Grid the plane forming an infinite board. In each cell of this board, there is a lamp, initially turned off. A permitted operation consists of selecting a square of $3\times 3, 4\times 4$ or $5\times 5$ cells and changing the state of all lamps in that square (those that are off become on, and those that are on become off).
(a) Prove that for any finite set of lamps, it is possible to achieve, through a finite sequence of permitted operations, that those are the only lamps turned on on the board.
(b) Prove that if in a sequence of permitted operations only two out of the three square sizes are used, then it is impossible to achieve that at the end the only lamps turned on on the board are those in a $2 \times 2$ square.
I couldn't solve part b).
In a) you can change the state of a $9\times 9$ board using the $3\times 3$, then you change the same $9\times 9$ board using 2 $4\times 4$ boards and 2 $5\times 5$ boards such that the $5 \times 5$ boards share a square.
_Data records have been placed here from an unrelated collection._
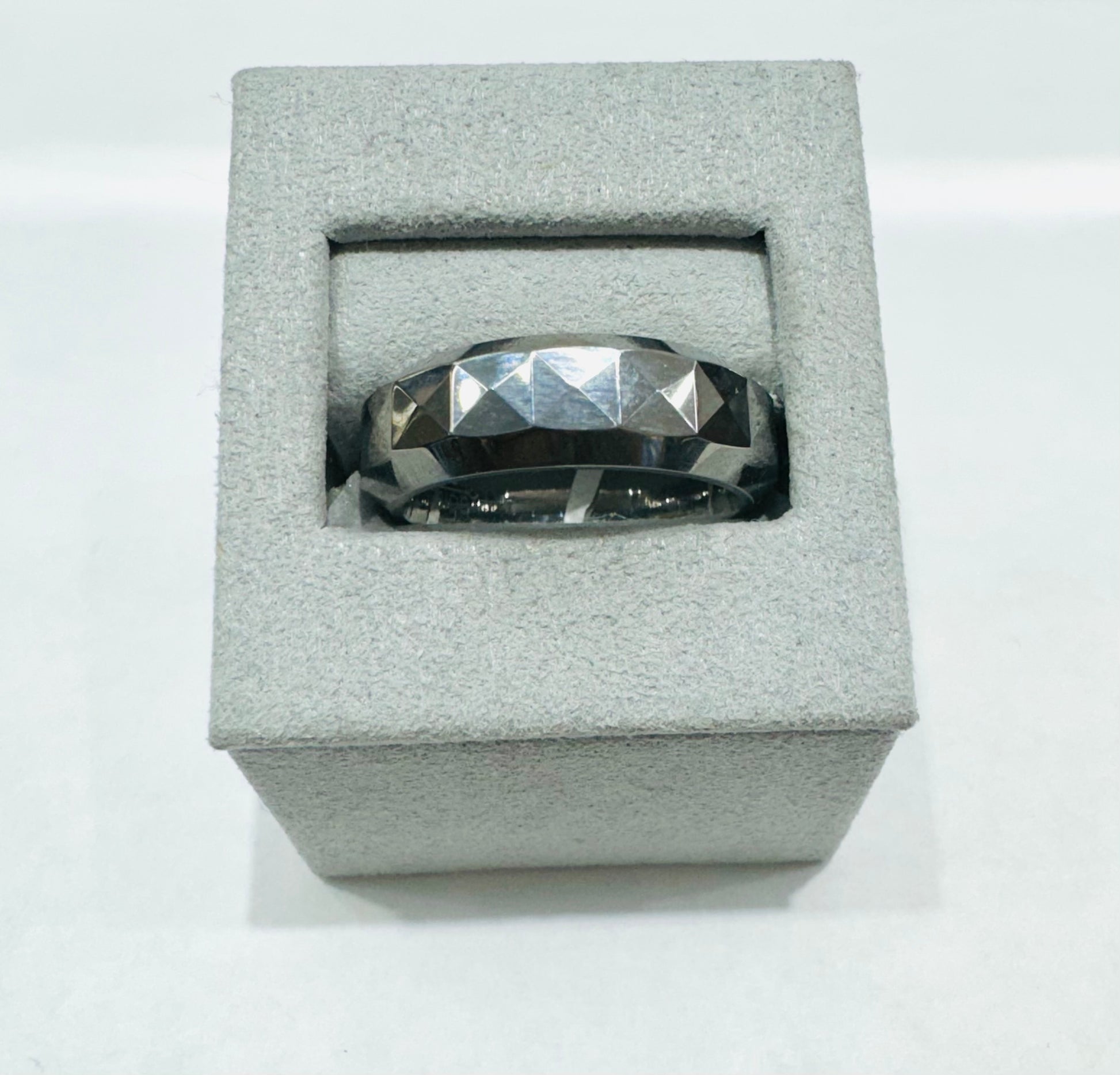 TUNGSTEN CARBIDE WEDDING BAND WITH FACETED POLISH DESIGN 7.3mm, SIZE: 11
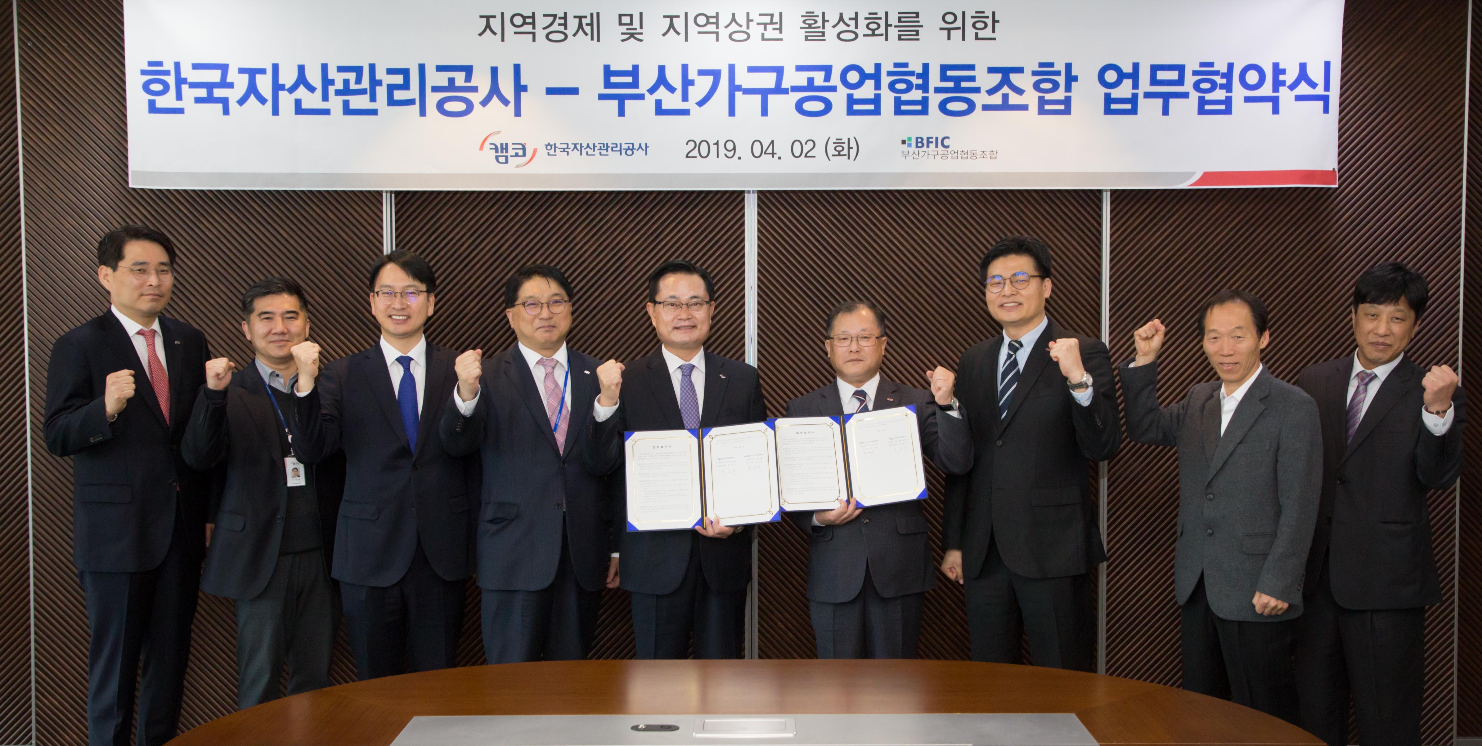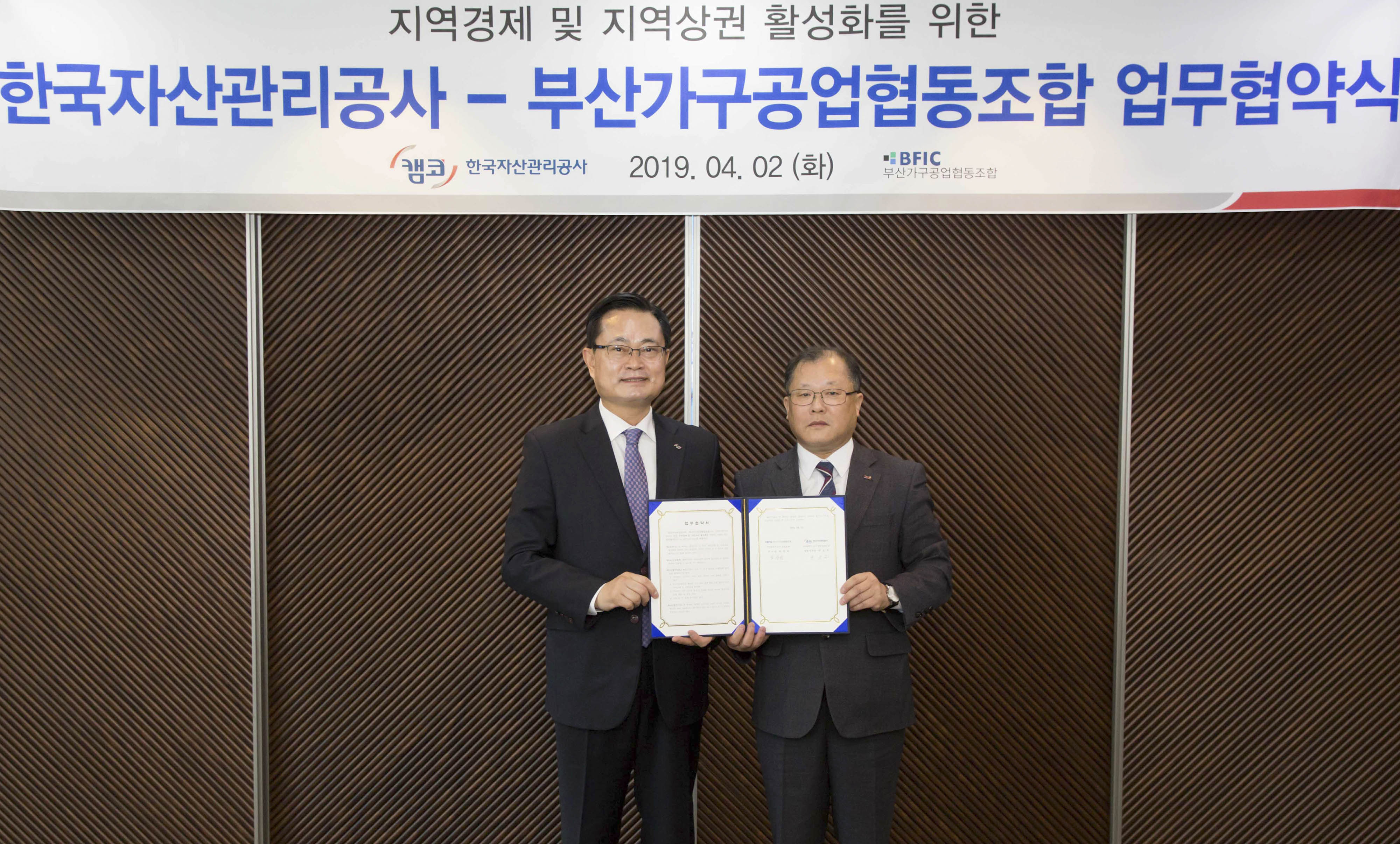 캠코(한국자산관리공사, 사장 문창용)는 4월 2일(화) 오전 10시 부산국제금융센터(BIFC) 본사 47층 대회의실에서 부산가구공업협동조합(이사장 박찬원)과 「지역경제·지역 상권 활성화를 위한 업무협약」을 체결했습니다.
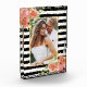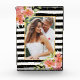 Red flowers and greenery on black and white stripes sprinkled with gold dots pattern highlights your favourite photo on this acrylic photo block. Great as a gift or to display your favourite photo in your own home.
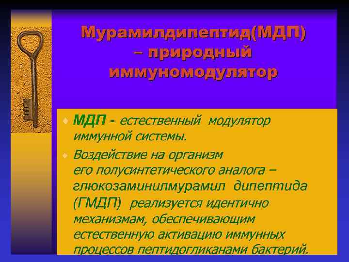 Происхождение, молекулярная природа и химическое строение глюкозаминилмурамил дипептида (ГМДП) • Искусственно полученное полусинтетическое химическое соединение пептидогликановой природы глюкозаминилмурамил дипептид(ГМДП) Гликопептид ГМДП является аналогом универсального фрагмента большинства бактериальных клеточных стенок мурамилдипептида (МДП).
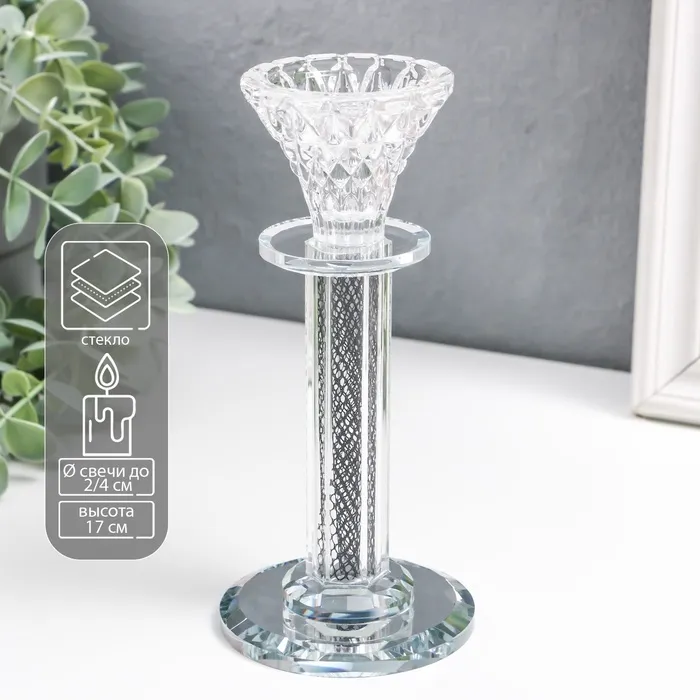 Стеклянный подсвечник на 1 свечу «Узорный бутон», на ножке, d=2 см и 4 см; 7.7×7.7×17 см
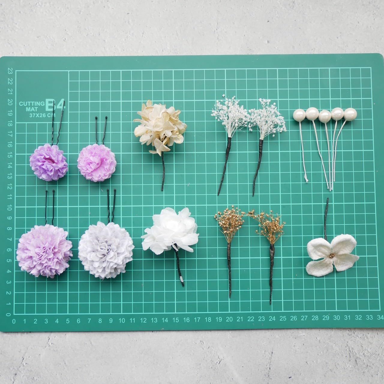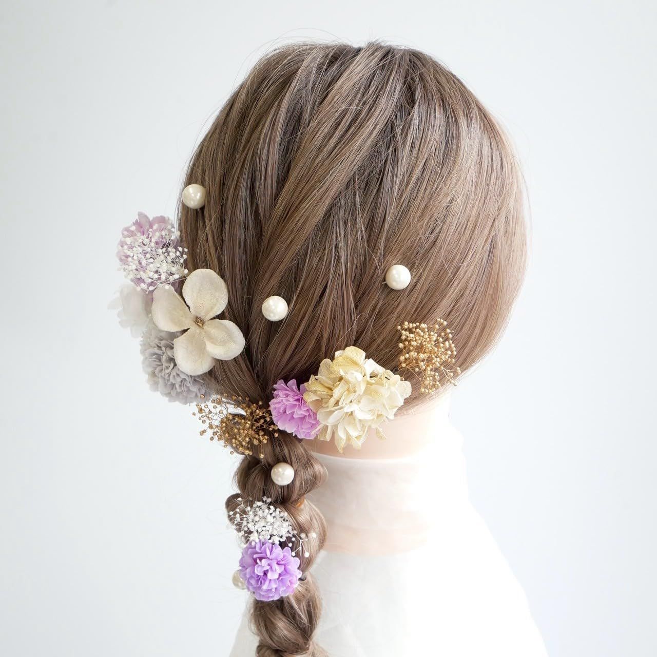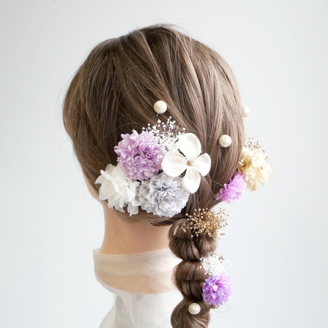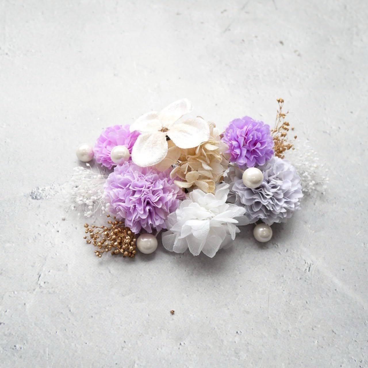 [Lomeri] ロメリ 髪飾り【6色展開】 ドライフラワー マム 着物 和装 浴衣 飾り 振袖 成人式 結婚式 卒業式 七五三 ウエディング かわいい 七五三 U (パープルU46)

Therefore we changed the state of only one lamp, and this is enough to prove part a). (If this solution to part a) is not well understood, you can answer it in the comments and I will clarify it better).
Moons are the $5\times 5$ and elephants the $4\times 4$
I tried part b for a long time but I have no ideas how I can get it.
Best Answer
For part b, the idea is that we want to find an invariant doesn't affects 2 of those squares, but impacts the $2\times 2$ square.
Generalization: If the permitted operations were only to toggle a $a\times a$ and $ b\times b$ square where $a, b > c$, then we cannot end up with only a $d \times d$ square turned on for any $ 1\leq d \leq c$. (You can treat $c = 2$ as needed.)